Eurozone fights for its future on all fronts

Eurozone fights for its future on all fronts

The eurozone was fighting on four fronts on Friday, with deficits clouding growth, Greek membership at risk, Spanish banks in trouble, and the outlook hanging on talks between paymaster Germany and a new French president.

EU forecasts showed the eurozone heading for only a slow recovery from recession later this year and still struggling with budget deficits, limiting the options if governments want to bolster growth.

Meanwhile Greece, the epicentre of the debt crisis, was in limbo as political leaders tried to form a government after voters Sunday rejected the austerity policies agreed in exchange for a massive EU-IMF bailout deal.

Socialist leader Evangelos Venizelos, who backed the debt rescue plan as finance minister, has been tasked with forming a coalition by Saturday after the largest two parties failed, with new polls a distinct possibility.

Germany, the EU’s strongest economy, insisted on Friday that whatever the outcome, Athens must stick to the terms of the bailout accord.

German Finance Minister Wolfgang Schaeuble appeared to suggest the eurozone could cope if Greece left, noting: “Europe won’t sink that easily.

Whether Germany can hold the line on Greece may depend on relations with France, the second-biggest eurozone economy where an anti-austerity backlash in Sunday’s presidential poll helped put Socialist Francois Hollande in office.

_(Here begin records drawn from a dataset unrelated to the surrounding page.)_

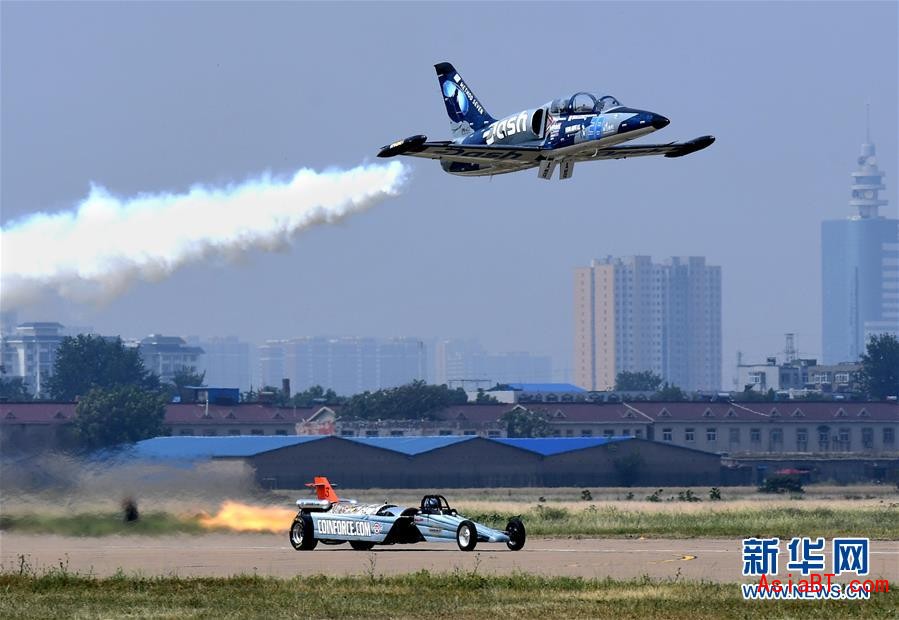 6月3日,在第十一届安阳航空运动文化旅游节开幕式上,航空运动爱好者驾驶飞机进行竞速表演。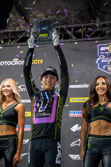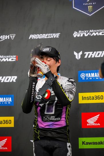 "Honestly, the day was really stressful, especially the second moto—I need to rewatch it! There was a lot of contact out there, but I'm glad I stayed up and kept pushing. To be the first Japanese rider to win a championship like this means so much to me. Accomplishing something so important gives me a huge confidence boost, and I'm really proud of everyone who helped make this possible."
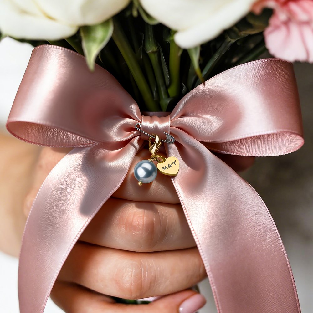 Designed as a bouquet accessory, it securely fastens the bride's flowers, enhancing the blue-themed wedding ambiance. It can also be kept separately as a wedding keepsake, adding a touch of elegance to any display or memory box.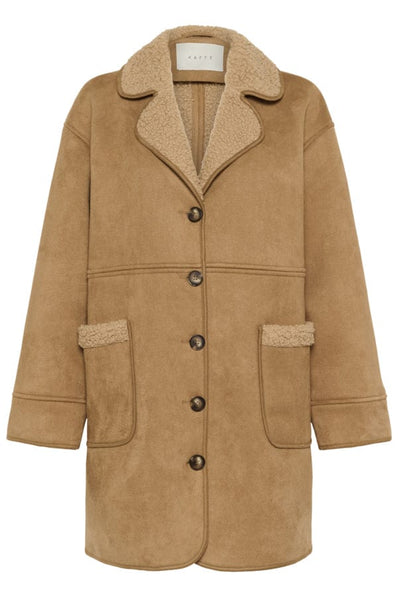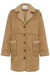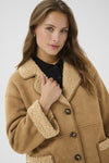 Smart jakke i en lækker brun farve og med lysere teddyfoer. Lukkes med store flotte knapper og med fine lommer i hver side.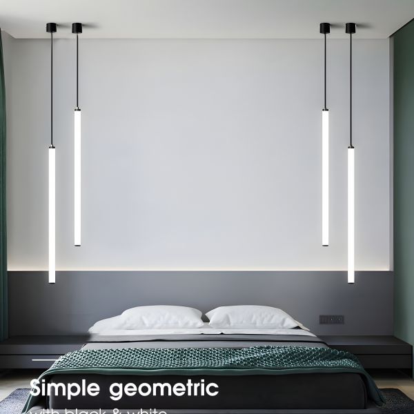 Minimalist Cylinder LED Pendant Light, Slim Aluminum Tube Hanging Fixture for Kitchen Island and Bedside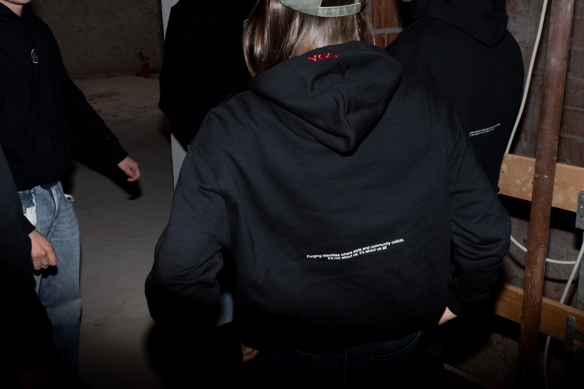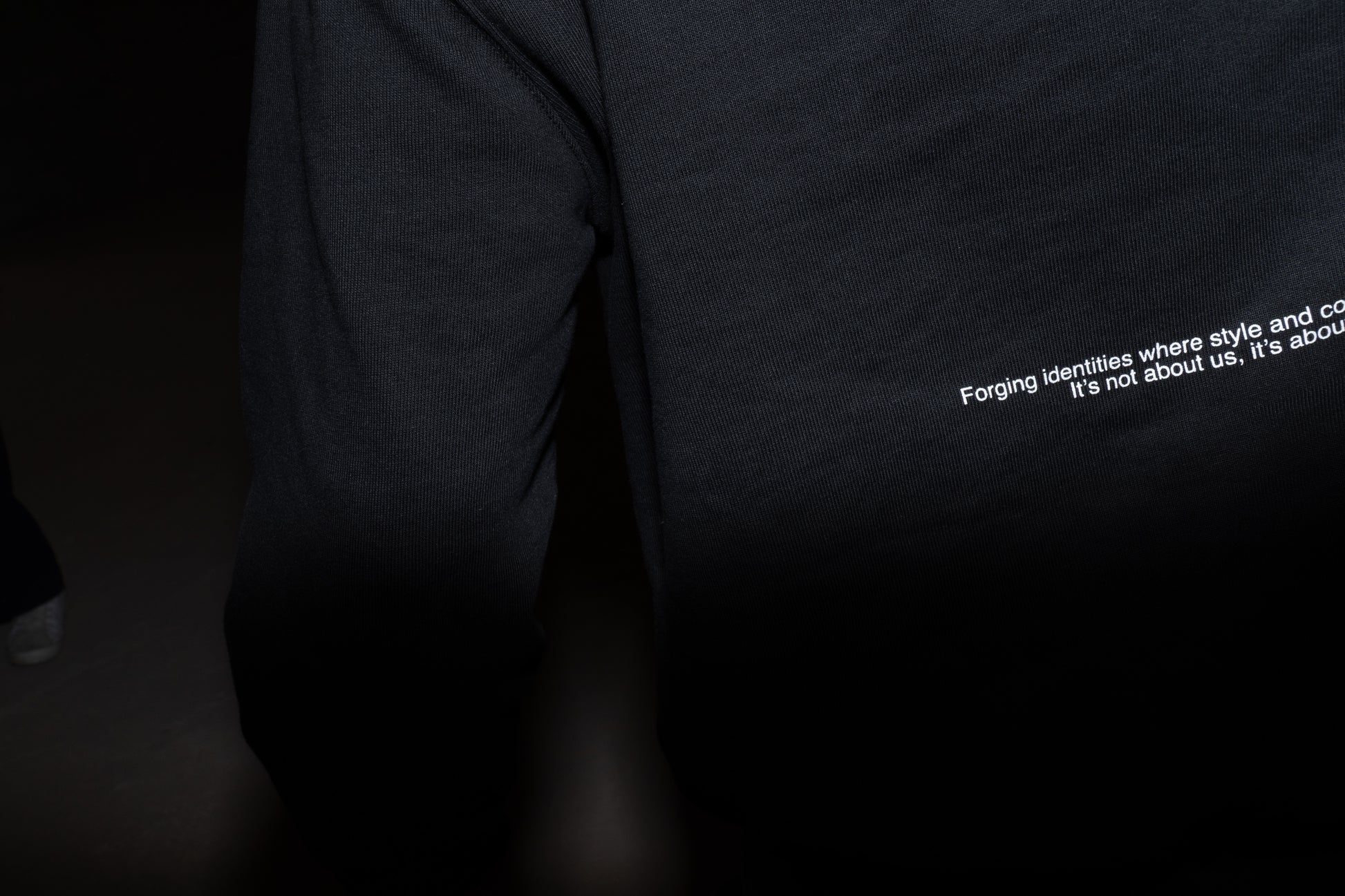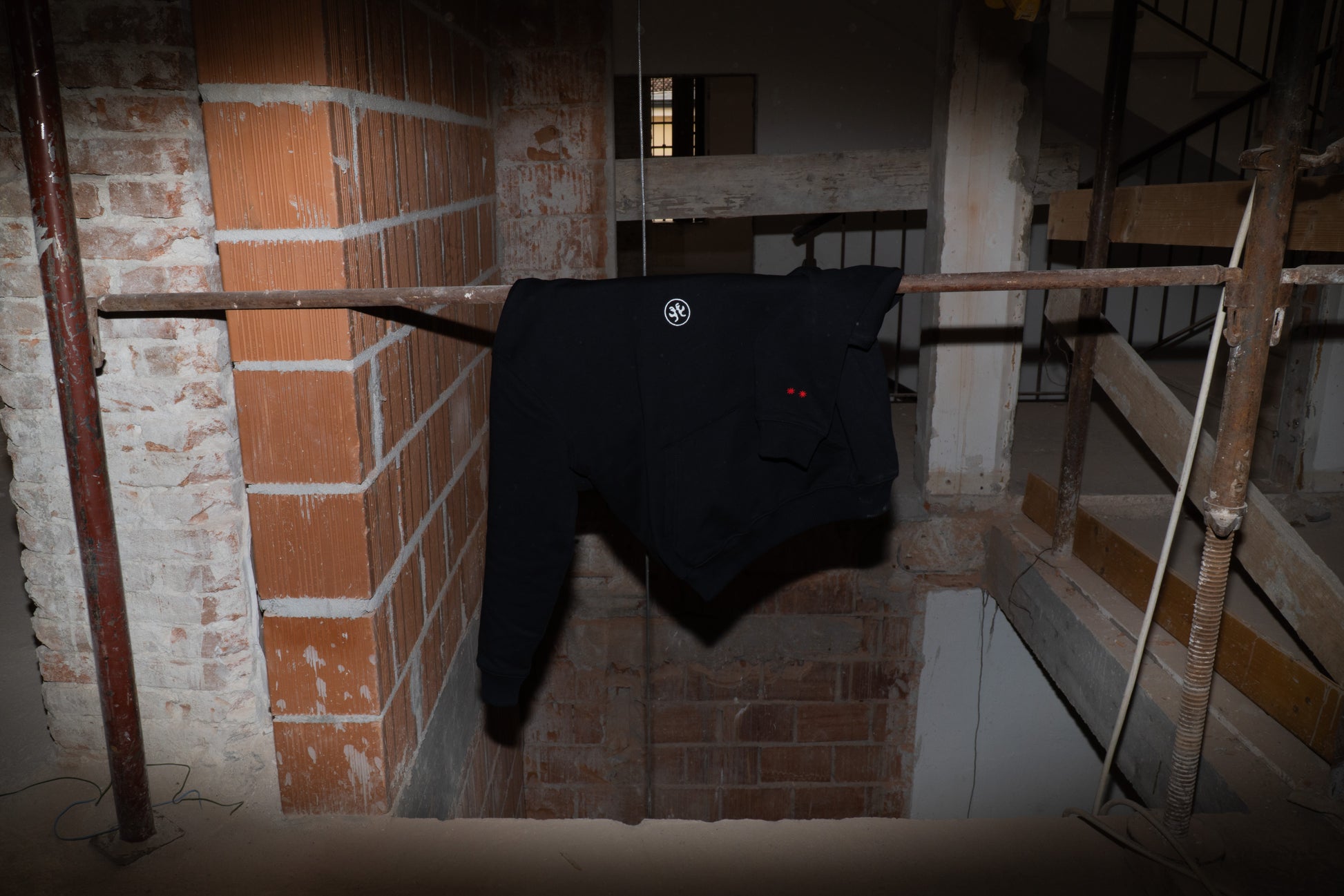 MANICA A GIRO. CAPPUCCIO A DOPPIO STRATO NEL TESSUTO PRINCIPALE. FETTUCCIA IN JERSEY ALL'INTERNO DEL COLLO. MEZZALUNA ALL'INTERNO DEL COLLO NEL TESSUTO PRINCIPALE. IMPUNTURA SINGOLA SULLO SCOLLO E INTORNO AL CAPPUCCIO. FONDO MANICA E BORDO INFERIORE A COSTINE 2X1. DOPPIA IMPUNTURA SU GIROMANICA, POLSINO E BORDO INFERIORE. TASCA A MARSUPIO SUL DAVANTI.

German Chancellor Angela Merkel openly supported the loser Nicolas Sarkozy in the election and the ‘Merkozy’ power couple had appeared confident that they would continue to set the rules on resolving the eurozone crisis.

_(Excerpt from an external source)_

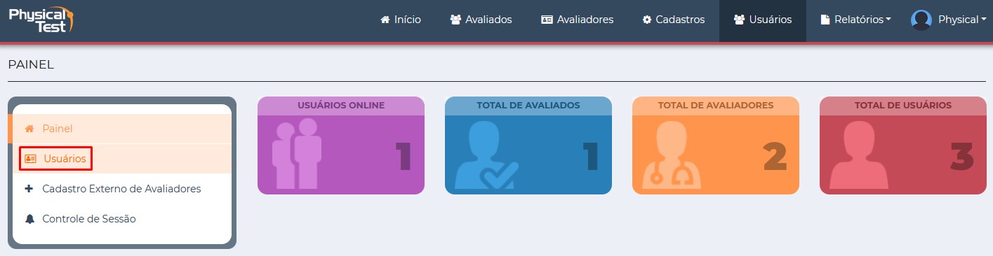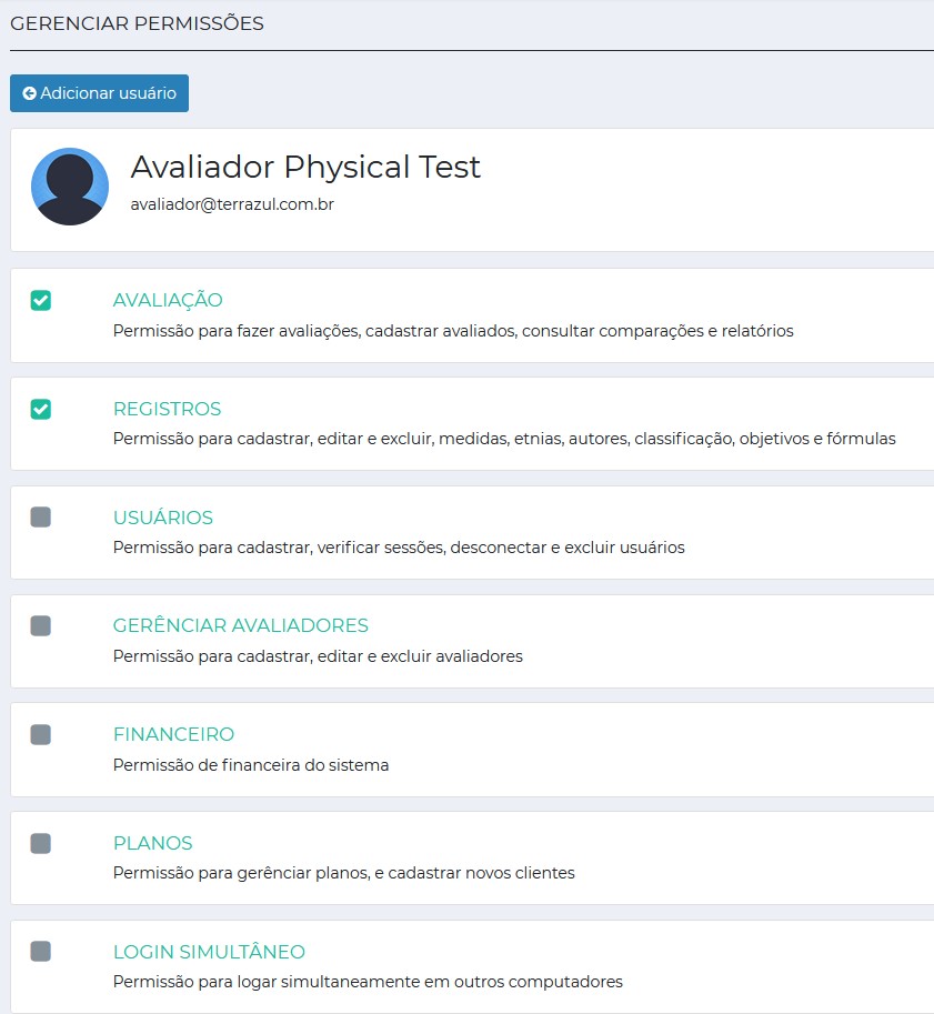 É possível mudar as permissões do que um usuário pode fazer no Physical Test. Mas, apenas um usuário com permissões de administrador pode mudar as permissões dos usuários que estão sob a sua gestão.

Hollande, who campaigned strongly for a much greater focus on growth, meets Merkel on Tuesday for an exchange on the crisis which could be crucial.

He said that Merkel wanted to sound Hollande out on “his ideas about fiscal discipline and the promotion of economic growth and jobs and to present Germany’s convictions and what in our view Europe has already accomplished since the issue of growth started playing a key role on the European level at the end of last year.”

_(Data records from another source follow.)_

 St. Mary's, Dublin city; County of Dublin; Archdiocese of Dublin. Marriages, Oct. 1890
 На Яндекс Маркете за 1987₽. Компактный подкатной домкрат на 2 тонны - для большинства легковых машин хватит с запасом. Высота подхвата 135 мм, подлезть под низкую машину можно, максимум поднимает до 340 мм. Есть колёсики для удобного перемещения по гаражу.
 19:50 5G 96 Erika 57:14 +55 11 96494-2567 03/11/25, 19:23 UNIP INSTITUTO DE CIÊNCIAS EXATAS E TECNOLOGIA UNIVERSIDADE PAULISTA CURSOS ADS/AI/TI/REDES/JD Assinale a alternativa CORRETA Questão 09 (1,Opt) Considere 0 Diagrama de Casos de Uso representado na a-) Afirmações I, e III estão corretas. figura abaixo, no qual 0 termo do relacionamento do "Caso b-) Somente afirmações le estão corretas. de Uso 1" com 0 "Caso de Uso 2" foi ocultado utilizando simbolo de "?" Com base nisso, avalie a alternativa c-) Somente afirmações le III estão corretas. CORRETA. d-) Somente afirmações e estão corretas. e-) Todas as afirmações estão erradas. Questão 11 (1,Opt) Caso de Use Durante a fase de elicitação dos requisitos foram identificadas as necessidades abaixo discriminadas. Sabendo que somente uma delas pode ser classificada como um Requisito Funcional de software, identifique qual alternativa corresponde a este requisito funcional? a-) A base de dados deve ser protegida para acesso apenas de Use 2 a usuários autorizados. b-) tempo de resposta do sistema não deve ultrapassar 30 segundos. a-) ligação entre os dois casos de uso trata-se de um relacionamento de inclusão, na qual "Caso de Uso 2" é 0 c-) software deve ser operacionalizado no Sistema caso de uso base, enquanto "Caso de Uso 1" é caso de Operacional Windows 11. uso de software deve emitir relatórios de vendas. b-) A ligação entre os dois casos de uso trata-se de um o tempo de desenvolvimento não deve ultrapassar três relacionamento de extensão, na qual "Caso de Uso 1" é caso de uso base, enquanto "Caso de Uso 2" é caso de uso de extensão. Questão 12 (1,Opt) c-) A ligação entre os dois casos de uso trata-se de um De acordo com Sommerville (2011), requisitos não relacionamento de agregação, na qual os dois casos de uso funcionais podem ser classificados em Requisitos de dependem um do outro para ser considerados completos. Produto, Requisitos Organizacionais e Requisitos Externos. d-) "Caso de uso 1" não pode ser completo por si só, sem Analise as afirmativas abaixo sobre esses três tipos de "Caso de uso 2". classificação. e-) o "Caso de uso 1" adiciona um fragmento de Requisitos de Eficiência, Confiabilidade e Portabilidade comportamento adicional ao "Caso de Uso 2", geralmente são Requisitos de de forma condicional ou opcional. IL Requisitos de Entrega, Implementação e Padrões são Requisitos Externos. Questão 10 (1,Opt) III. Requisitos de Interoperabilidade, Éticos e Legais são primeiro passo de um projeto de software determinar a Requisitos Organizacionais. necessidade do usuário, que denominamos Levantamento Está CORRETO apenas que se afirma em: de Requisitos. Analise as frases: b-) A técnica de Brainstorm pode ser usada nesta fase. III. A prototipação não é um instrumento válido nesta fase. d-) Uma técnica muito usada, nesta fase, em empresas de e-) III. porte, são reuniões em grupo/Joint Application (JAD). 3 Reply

Spain, seen by many as the next possible victim of the debt crisis after Greece, Ireland and Portugal were bailed out, may be high on the agenda.

The Spanish government presented yet another programme on Friday to stabilise a banking sector crippled by the collapse of the property market, an economy in recession and soaring unemployment.

The key to success is finding a way to ring-fence the mountain of bad property loans sitting on the banks’ books without Madrid having to keep them afloat with ever more billions it cannot afford.

Bank of Spain figures show commercial banks held problematic real estate assets including loans and seized property of 184 billion euros ($238 billion), 60 percent of their property portfolio at the end of 2011.

The government said the Spanish banks will have to set aside another 30 billion euros to cover their exposure and remove bad property assets from their balance sheets.

The government will also charge two independent auditing firms with valuing banks’ exposure to the property sector, ministers said.

Moneycorp noted that “analysts reckon between 50 billion euros and 100 billion euros will be needed” to save the banks, raising the risk that Spain may need a bailout if it can raise such funds itself.

As for the vital question of economic growth, the European Commission said Friday in its spring forecasts: “A recovery is on the horizon but it will be a long and stony road before the EU economy reaches sustained growth.”

It pointed to continuing strains in public finances in some countries, including France.

Economic activity is estimated to have contracted in the first quarter of 2012 after shrinking at the end of last year, officially putting the eurozone in recession, the commission said.

The eurozone economy is forecast to shrink 0.3 percent this year but grow by 1.0 percent in 2013 while unemployment will stay at a record 11 percent.